I'm working my way through the book, very interesting stuff.

------
matthewhall
I recently started using an app called Sleep Cycle to help my body's response
to the alarm. It measures how deep your sleep is and wakes you when your sleep
is shallow (within the time range). I find myself waking up thirty-plus
minutes earlier and feeling much better and awake, all day.

My next endeavor will be to build a Circadian Rythm light clock that changes
the ambient light in the room to naturally wake me up.

------
Zelmor
Been fully remote since mid 2016. I've never received positive comments on my
work attitude before this position.

\- I am thin and tall, constantly feeling cold in air-conditioned offices.

\- The office lights hurt my eyes.

\- I prefer music playing instead of people talking, and I do not feel bad for
taking an hour long break when I feel exhausted or frustrated.

\- I usually wake up around 8, so I get out the door after coffee&breakfast is
done, and we get dressed with the wife.

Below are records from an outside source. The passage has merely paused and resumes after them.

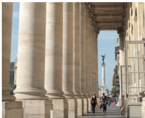
Le Vieux Bordeaux (Gironde – 33) ★★★

Les étoiles du Guide Vert Michelin constituent l'ADN de chacun des guides. Elles permettent aux visiteurs d'identifier en un coup d'œil les plus beaux sites et monuments des régions. L'évaluation du niveau d'intérêt de chaque site repose sur 9 grands critères établis et évalués en toute indépendance par les équipes éditoriales de Michelin qui se sont rendues sur place.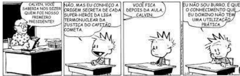
FIGURA 5 – TEXTO II

FONTE: WATTERSON, Bill. O melhor de Calvin.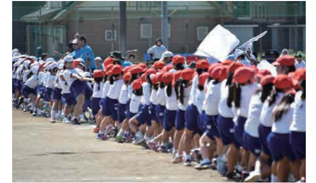
順延により平日の開催となったが、子どもたちの活躍を見ようと多くの保護者が訪れた

雨や接近する台風の影響で、日程の変更やプログラムの短縮などが行われた今年の運動会。日程が順延となり、10月2日に開催された北泉小学校の運動会では、快晴の空の下プログラム通りに実施し、徒競走や各学年ごとに行われる種目で赤白チームが得点を競い合いました。全学年の児童が参加した赤白対抗の綱引きでは、児童たちが長い列となり、力と力のぶつかり合いが繰り広げられました。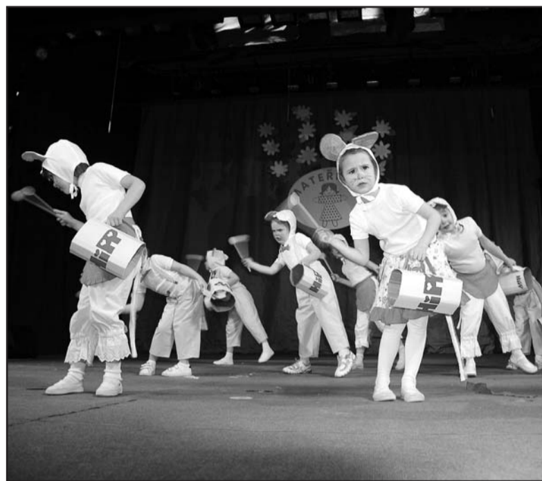
Mezi přespolními vystupujícími byly také Myšičky z jirkovské mateřské školy v Bezručově ulici.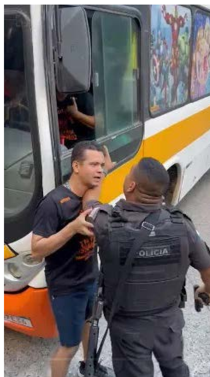
O PM chegou a sacar uma pistola e encostar no peito de um outro homem que aparece pedindo calma ao agente

A Polícia Militar informou que o comando da Coordenadoria de Polícia Pacificadora (CPP) já está em posse do material e está apurando as circunstâncias do fato. O policial será convocado para prestar esclarecimentos ao comando.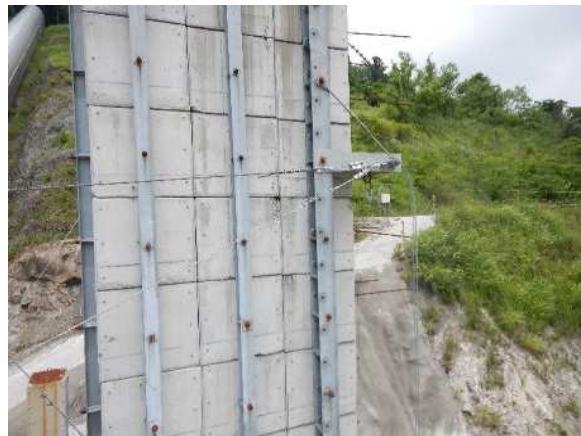
緩衝装置配置状況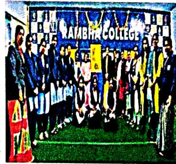
छात्राओं ने साइबर क्राइम से बचने का तरीका जाना

साइबर क्राइम से बचने के लिए छात्राओं को साइबर सुरक्षा के बारे में जानकारी देनी होगी। साइबर क्राइम से बचने के लिए छात्राओं को साइबर सुरक्षा के बारे में जानकारी देनी होगी। साइबर क्राइम से बचने के लिए छात्राओं को साइबर सुरक्षा के बारे में जानकारी देनी होगी।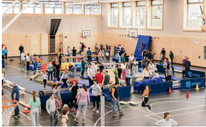
TSV „Funpark indoor“ – das Outdoor-Event findet am 18.6. auf der Berghalde statt.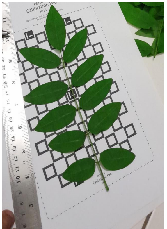
Ket. Persiapan Pengambilan Data Luas Daun Menggunakan Bantuan Kertas Kalibrasi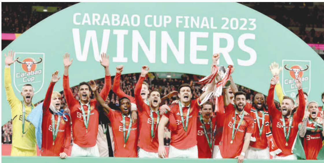
Футболистите на Манчестър Юнайтед се радват с Купата на Лигата. На финала "червените дяволи" сразиха Нюкасъл с 2:0 с гол на Каземиро (33) и автогол на Свен Ботман (39). Това е първо отличие за Юнайтед от 6 години. За последно тимът триумфира в Лига Европа през 2017 г.

При жените Виктория Томова прогресира с 12 позиции до рекордната за нея 87-а със 740 т. Миналата седмица софиянката достигна до II кръг на УТА 1000 турнира в Дубай ($2,8 млн.).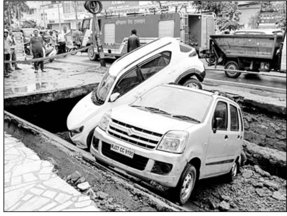
अशोक नगर क्षेत्र में पुराना नाला धंसने से दो कारें उसमें गिर गईं।

उदयपुर, (कांस)। झीलों के शहर में मंगलवार को तीसरे दिन भी दिनभर बारिश होती रही। रूक-रूक जारी बारिश के दौर से शहर के समीप स्थित उदयसागर झील एक बार फिर छलक गई। मंगलवार सुबह उदयसागर के दोनों गेट एक फीट 6 इंच खोल दिए गए वहीं वल्लभनगर बांध (सरजना) भी छलक गया। इधर, सीसारमा नदी तीन फीट के वेग से बह रही है जिससे स्वरूपसागर पर दूसरे दिन भी एक इंच की चादर चल रही है। इधर, बारिश के बीच शहर के अशोक नगर क्षेत्र में पुराना नाला धंसने से दो कारें उसमें गिर गईं।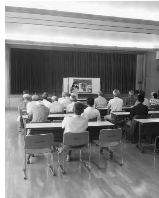
社会変化と福祉施策にズレはないか

議員 20年前と比較すると、高齢者は10歳若返っているという科学的データがある。このまま65歳以上を高齢者として事業を行うのは、やめるべきではないか。 町長 年齢の区切りは全国的に施策の基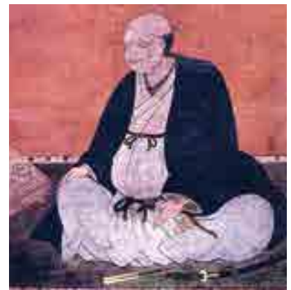
水谷勝隆像(市指定重要文化財・個人蔵)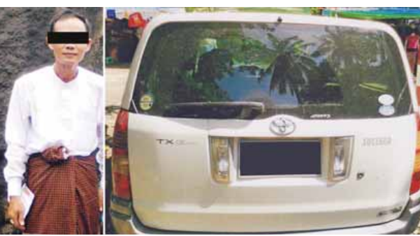
လားရှိုး ဇန်နဝါရီ ၁၅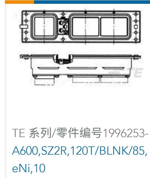
TE 系列/零件编号1996253-1 A600,SZ2R,120T/BLNK/85, eNi,10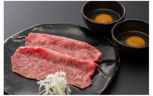
Grilled Sirloin Sukiyaki This picture shows 2 slice of sirloin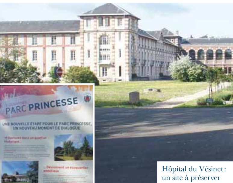
Hôpital du Vésinet : un site à préserver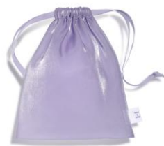
限定オーガンジーバッグ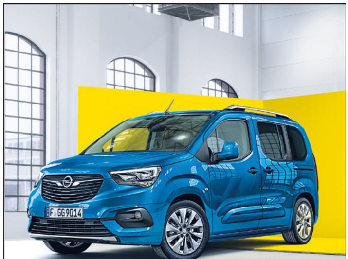
Abb. zeigt Sonderausstattungen.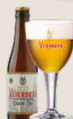
3 Vlierbeek Grand Cru 8,5%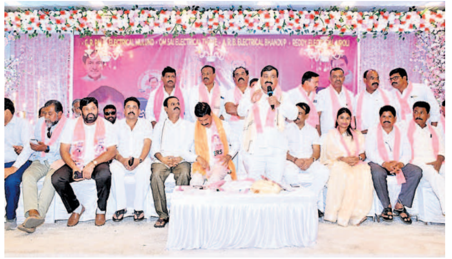
సమావేశంలో మాట్లాడుతున్న మంత్రి మహేందర్ రెడ్డి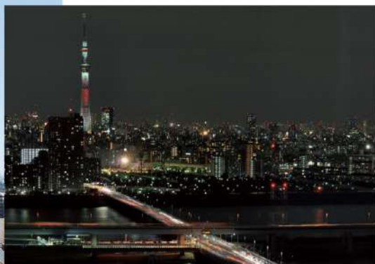
展望室からの眺望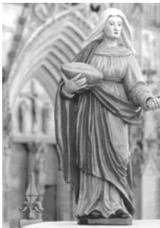
Heilige Elisabeth, bitte für uns!

Gebet um geistliche Berufe: Allmächtiger Gott, Herr Deiner Kirche, gieße Deinen Heiligen Geist über und aus. Schenke uns Priester- und Ordensberufe. Begeistere junge Menschen für die Nachfolge Deines Sohnes Jesus Christus, damit sie Zeugnis geben von Deinem Geist der Liebe und der Hoffnung in unserer Welt und Zeit. Seit 2000 Jahren rufst Du Männer und Frauen als Ordensleute, die alles verlassen, um zu zeigen, dass Gott unter uns ist. Führe sie auf dem Weg des Heiles, gib, dass sie sich um den Geist der Armut, der Ehelosigkeit und des Gehorsams bemühen und Dir und den Menschen dienen. Lass uns alle ein Segen sein für die Menschen in unserem Thüringer Land – im Eichsfeld und in der Diaspora. Allen, die uns begegnen, wollen wir Deine Wahrheit bezeugen heute und an allen Tagen, bis wir Dich schauen dürfen in der Ewigkeit. Amen.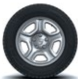
16" oțel, design Fidji

We don't leave the house before 9:30
on average.

\- I also think commuting longer than a 15 minute walk/bus ride is a waste of
my time.

\- I am working from a laptop, so I think it should be completely acceptable
to send a mail in the morning saying "I'll be working from under a warm
blanket & my cat today" when there is no in-person meeting scheduled.

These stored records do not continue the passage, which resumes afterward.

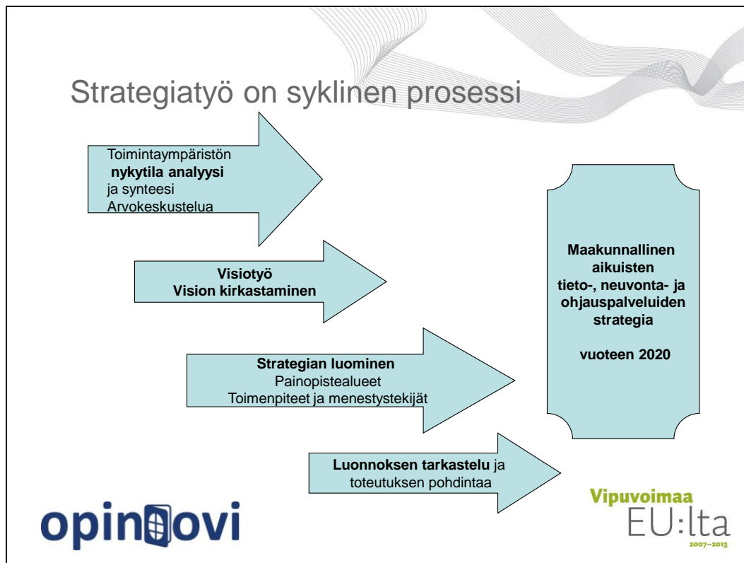
Kuva 1. Strategiaproessin eteneminen

Maakunnallista aikuisten tieto-, neuvonta- ja ohjauspalveluiden strategiaa on valmisteltu Lapin Opin ovi -projektin toimintana. Strategiatyön onnistumisen edellytykseksi nostettiin jo alkuvaiheessa aluehallinnon ja eri hallinnonalan toimijoiden sekä koulutuksenjärjestäjien yhteistyö. Tämän ajatuksen pohjalta kutsuttiin myös edustajat strategiatyöryhmään.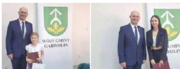
Spotkanie było wyrazem uznania dla młodych talentów

angażowanie młodych mieszkańców, nagroził stypendiami uczniów, którzy wyróżnili się w następujących kategoriach: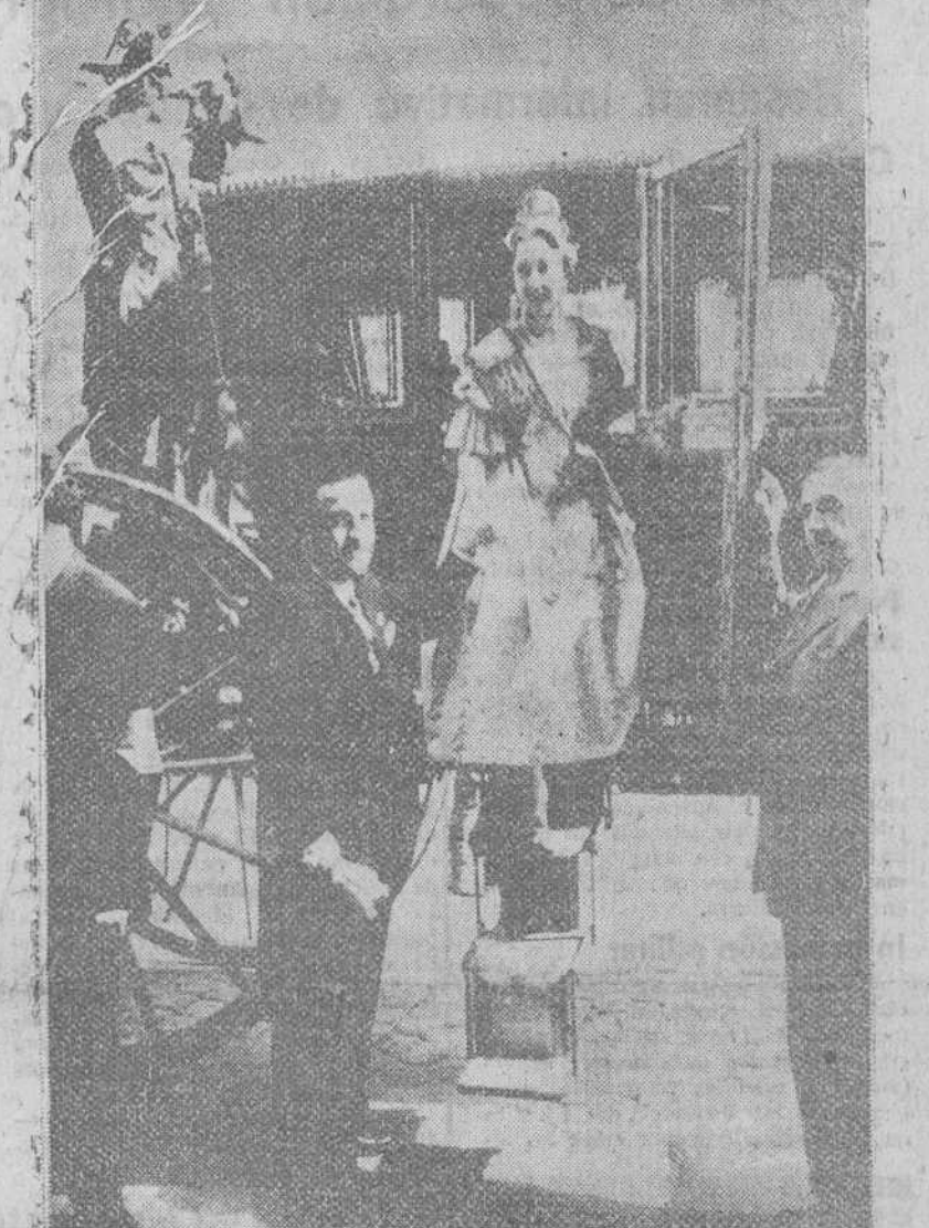
Valencia.— La fallera a la llegada al Ayuntamiento desciende de la carroza, ayudada por el presidente de la Junta Central Fallera, para saludar al pueblo desde el balcón central.

In my current position I'm assigned projects that get done on time and
feedback is positive. Work is done, all is well. Noone cares when you start
the day, just show up for the calls, which are never scheduled before 9:30 on
my request.

We got a junior fired because she couldn't keep up with expectations. I think
full-remote wasn't for her. She also had untreated schizophrenia, I bet that
didn't help either. When you are a couple screws loose, it helps to have
people around to keep you grounded. On winter days I almost exclusively work
from cafes, so as to avoid winter depression.

------
paulcole
I don’t want to be at work when I’m most productive! I want to be on my own
time doing the things I actually want to do.

------
IronWolve
I had a co-worker who only needed 4 hours of sleep, a DBA manager. He told me
had multiple sleep studies by the washington state college, he just won the
genetic lotto, and just had more time to get things done.

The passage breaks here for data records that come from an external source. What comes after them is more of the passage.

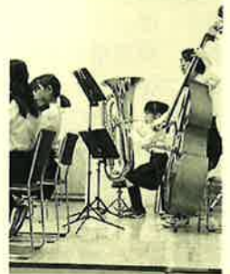
長女 文化祭でのチューバ演奏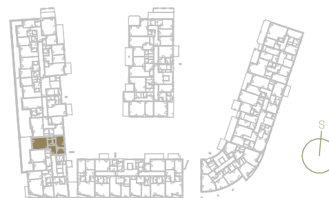
Schéma podlaží _____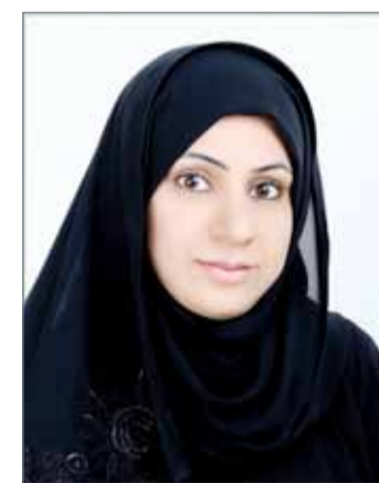
• ابتسام الصباح

ولفتت إلى أنها تقدمت بدعوى أمام المحكمة الشرعية السنية طلبت فيها بنفي نسب الطفل لمولدها، أشارت فيها إلى أن المدعى عليها مطلقة من المدعى بموجب وثيقة طلاق بتاريخ 29 يوليو 2002، وتفاجأ المدعى عند مراجعته السجل السكاني بأن لديه ابن مولود بتاريخ 22 أبريل 2004، وأن والدته المدعى عليها بحسب إشعار الولادة.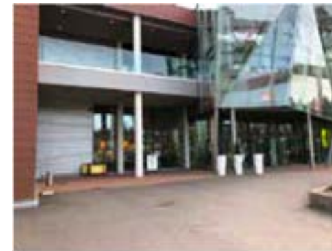
Paikka 7 • Ulkopaikka, sähkötilattava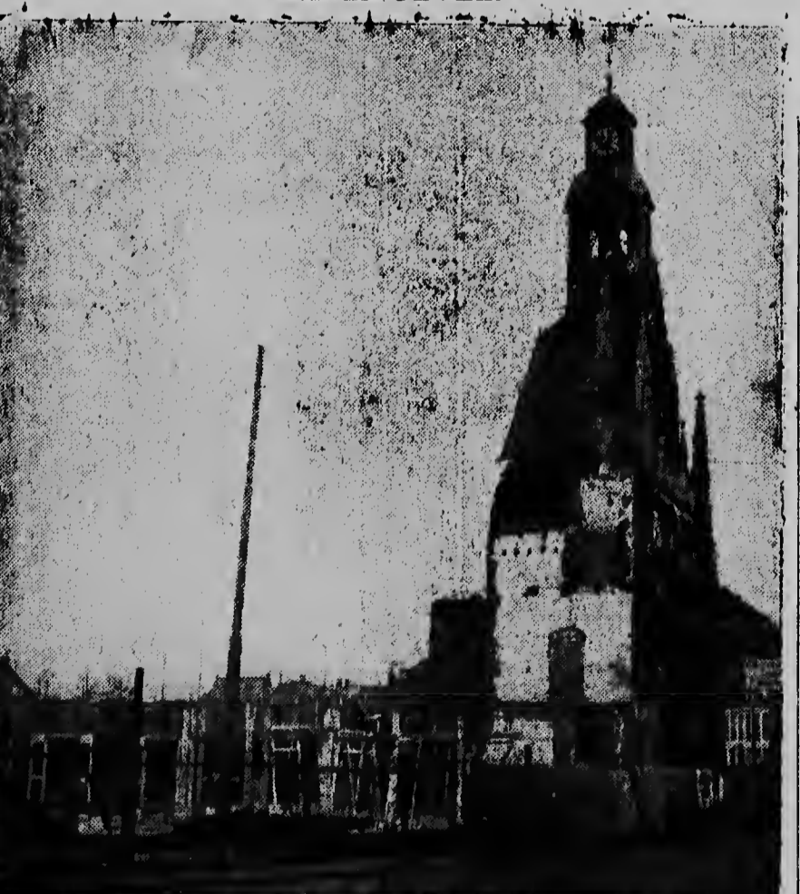
In de Hinthammerstraat te 's Hertogenbosch staat een oude Kapel-gevel. Achter deze gevel wordt een tehuis voor oude van dagen gebouwd. De foto toont de werkzaamheden achter de gevel.

verslaggever van La Esfera verteld dat zijn bedrijf sinds een jaar atoom-energie gebruikt bij de oliewinning. Een z.g. atoominsulter-apparaat wordt o.a. aangewend om de verschillende gassen te registreren, die bij het boren vrij komen. Hij verklaarde tevens dat zijn bezoek aan Amerika mede in verband staat met een mogelijk gebruik van grotere en moderne atoominstallaties in Venezuela te installeren om de winning van olie te intensiveren.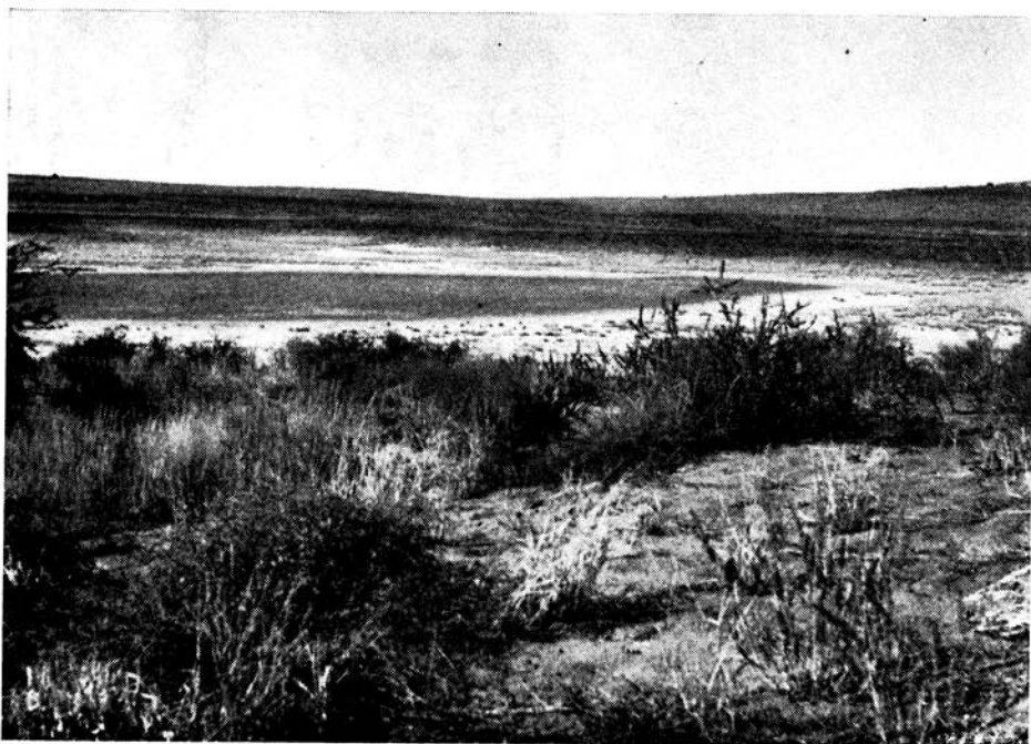
Plaat III: Pan in duineveld.

Die grond uit die pan is redelik van klei dwarsdeur die profiel en van slik in die bogrond voorsien. Die interne dreineringsweens die fyn, ontvlokke materiaal is besonder swak (Tabel 5).

I've been into sleep hacking for the last 3 months, and thinking on and off
about sleep cycles for myself for the last decade. Picked up a sleep tracker
and newer fitbit that can track my sleep and verify each others recording. I
tend to want 8 to 9 hours, but with an officer job, its been 5x 6 hours and 2x
12 hours on the weekend. This just isn't maintainable anymore for me as I'm
getting older and limiting my caffeine, etc.

I've switched to a 10pm to 6am with possible modifications. It makes the days
2 hours shorter, but I get time back on the weekend as I'm not re-charging up
from the week, and I wake up rested every day.

I've done segmented sleep when I was working a service job in my 20s while
living in dorm. Crash at 10pm, Get up at 4am, work an hour, go back to sleep
at 5am, and get back up at 7am. That worked great, and want to try to
replicate that again. Love waking hours in the twilight mornings when its
quite and refreshed.

Plus, you get the benefit of another deep sleep cycle after being awake and
active, and going to sleep again. (As my sleep trackers are reporting to me).

And thats not even talking about supplements and exercise to effect sleep. But
I recommend magnesium for everyone.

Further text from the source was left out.